== EXERCISE DESCRIPTION ==
When you reach the line below that has "Regular price $123.99", start returning lines exactly, and stop after the line that has "Vom 95 m² großen"; skip the pictures.

Source data:
Start of Block
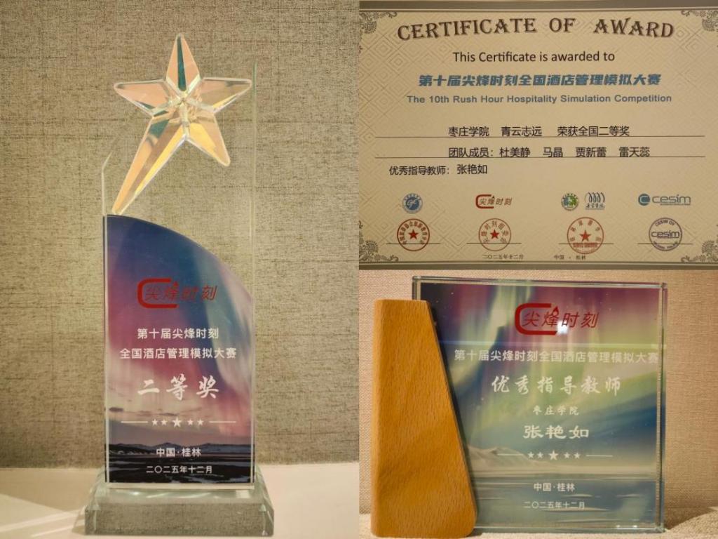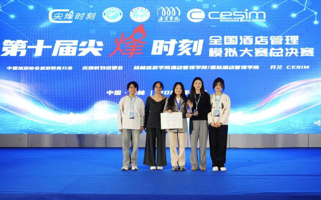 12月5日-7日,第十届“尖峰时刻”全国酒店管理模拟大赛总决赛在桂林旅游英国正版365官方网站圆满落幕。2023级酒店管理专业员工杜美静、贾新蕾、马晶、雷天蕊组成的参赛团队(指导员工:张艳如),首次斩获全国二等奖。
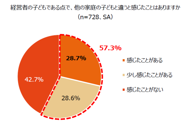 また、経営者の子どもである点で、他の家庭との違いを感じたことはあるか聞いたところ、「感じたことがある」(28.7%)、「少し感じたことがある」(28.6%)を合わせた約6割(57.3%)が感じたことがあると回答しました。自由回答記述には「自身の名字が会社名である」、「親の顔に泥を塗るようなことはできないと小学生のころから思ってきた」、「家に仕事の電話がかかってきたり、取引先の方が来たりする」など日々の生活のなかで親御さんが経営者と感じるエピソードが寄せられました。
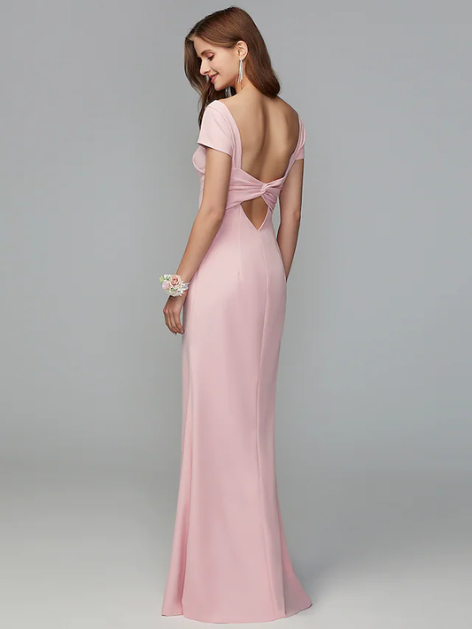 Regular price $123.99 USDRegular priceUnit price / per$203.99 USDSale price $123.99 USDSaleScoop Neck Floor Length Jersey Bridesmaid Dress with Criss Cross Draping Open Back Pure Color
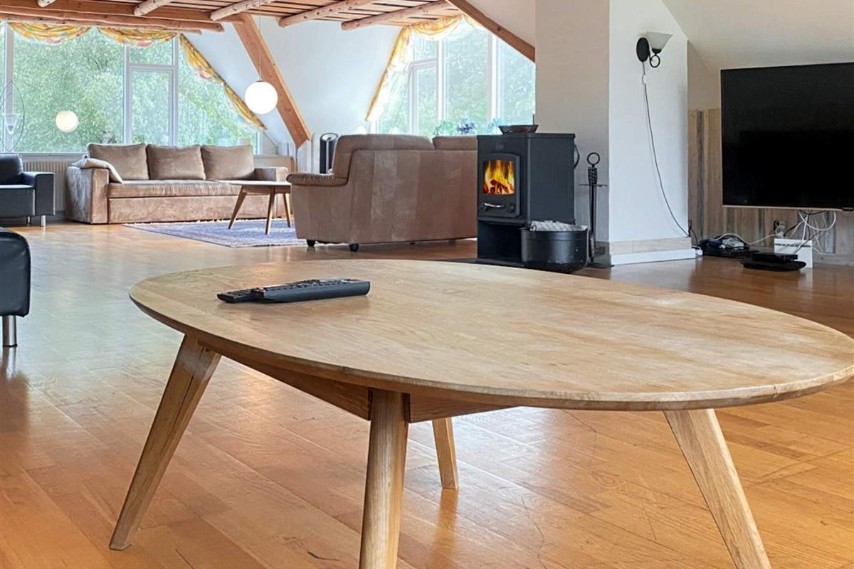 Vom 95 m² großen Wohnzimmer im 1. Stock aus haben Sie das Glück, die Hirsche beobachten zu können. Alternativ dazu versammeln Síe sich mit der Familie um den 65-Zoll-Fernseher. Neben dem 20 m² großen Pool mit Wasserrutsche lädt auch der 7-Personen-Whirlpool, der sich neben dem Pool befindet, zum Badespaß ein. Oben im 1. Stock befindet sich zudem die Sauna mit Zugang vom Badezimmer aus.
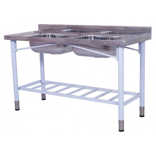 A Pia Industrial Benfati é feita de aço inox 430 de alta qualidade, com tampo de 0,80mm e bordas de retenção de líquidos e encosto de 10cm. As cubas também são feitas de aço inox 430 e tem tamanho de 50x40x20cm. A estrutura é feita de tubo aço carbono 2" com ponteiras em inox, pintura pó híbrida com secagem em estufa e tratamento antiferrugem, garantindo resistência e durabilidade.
End of Block
== FINAL ANSWER ==
 Regular price $123.99 USDRegular priceUnit price / per$203.99 USDSale price $123.99 USDSaleScoop Neck Floor Length Jersey Bridesmaid Dress with Criss Cross Draping Open Back Pure Color
 Vom 95 m² großen Wohnzimmer im 1. Stock aus haben Sie das Glück, die Hirsche beobachten zu können. Alternativ dazu versammeln Síe sich mit der Familie um den 65-Zoll-Fernseher. Neben dem 20 m² großen Pool mit Wasserrutsche lädt auch der 7-Personen-Whirlpool, der sich neben dem Pool befindet, zum Badespaß ein. Oben im 1. Stock befindet sich zudem die Sauna mit Zugang vom Badezimmer aus.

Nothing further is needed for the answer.